Еще заученность крепка,

а новь —

корявостью пугает,

еще стремятся намекать,

а молвить прямо —

избегают.

И все же слогу не сберечь

высокомерного величья!

И чем старательнее речь,

тем все слышней

косноязычье.

И кто-то,

разрывая круг,

назло наветам и запретам

такое слово скажет вдруг,

что вровень с Правдою

и Светом.

Напоминает стихи старого поэта Николая Ушакова:

Чем продолжительней молчанье,

Тем удивительнее речь.

1926

Позиция симпатичная, отсюда — интерес и любопытство к новым людям, среди которых Рыжий оказался самым ярким и многообещающим. Лобанцев поддерживал его всеми подручными средствами, прежде всего рекомендациями разного рода. Именно Лобанцев выдвинул его, обеспечив участие в различных столичных акциях. С первым фестивалем студенческой поэзии (1992) произошло то же самое, что и с его первым боксерским поединком на выезде — Рыжий занял призовое второе (или третье) место, зато в следующий раз (1997) выиграл состязание.

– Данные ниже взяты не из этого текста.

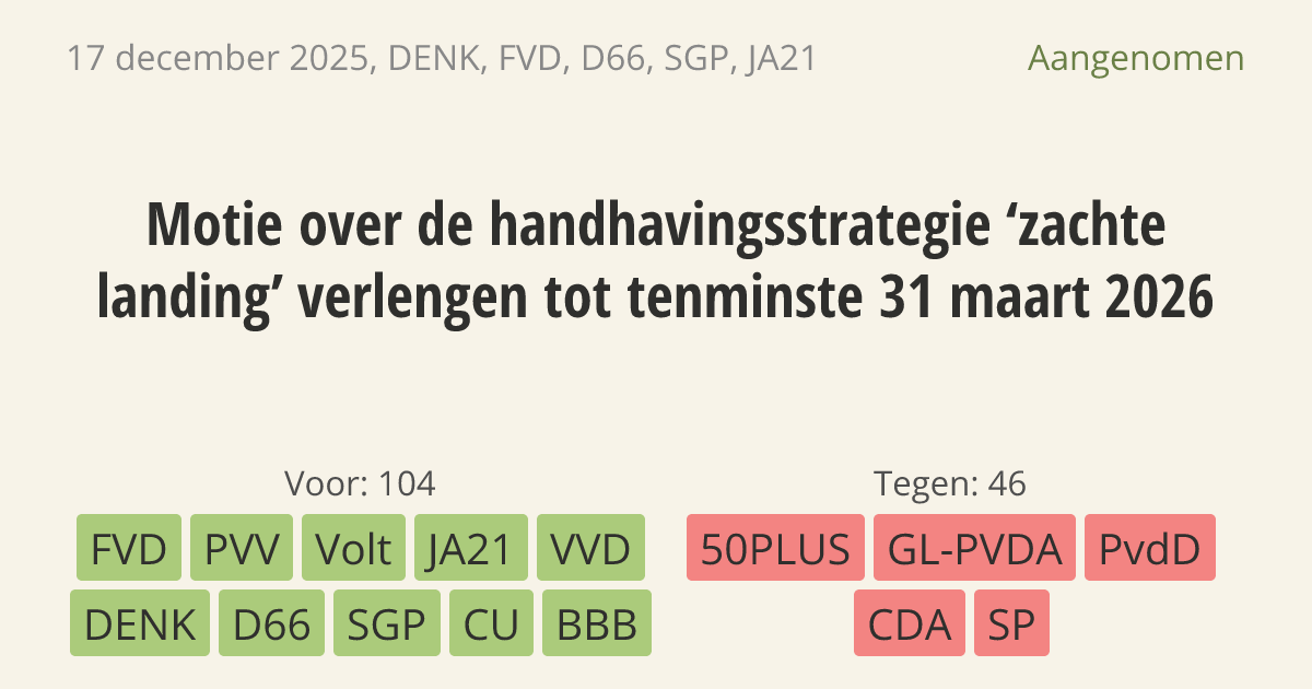 Motie van het lid Ergin c.s. over de handhavingsstrategie ‘zachte landing’ verlengen tot tenminste 31 maart 2026

На Всероссийском совещании молодых поэтов (Москва, 1994), куда его послал тот же Лобанцев, Борис обрел не только успех, но дружбы и связи наперед. Такое не забывается. Лобанцев ушел — инсульт, перед этим долго и тяжело болел, Борис навещал его, рыдал — идя по больничным коридорам. «Памяти друга»(1997):

Ю.Л.

Жизнь художественна, смерть документальна

и математически верна,

конструктивна и монументальна,

зла, многоэтажна, холодна.

Новой окрылённые потерей,

расступились люди у ворот.

И тебя втащили в крематорий,

как на белоснежный пароход.

Понимаю, дикое сравненье!

Но поскольку я тебя несу,

для тебя прошенья и забвенья

я прошу у неба. А внизу,

запивая спирт вишнёвым морсом,

у котла подонок-кочегар

отражает оловянным торсом

умопомрачительный пожар.

Поплывёшь, как франт, в костюме новом,

в бар войдёшь красивым и седым,

перекинешься с красоткой словом,

а на деле — вырвешься, как дым.

Кто-то потом истолковал это Ю. Л. как окликание Юрия Левитанского. Неверно.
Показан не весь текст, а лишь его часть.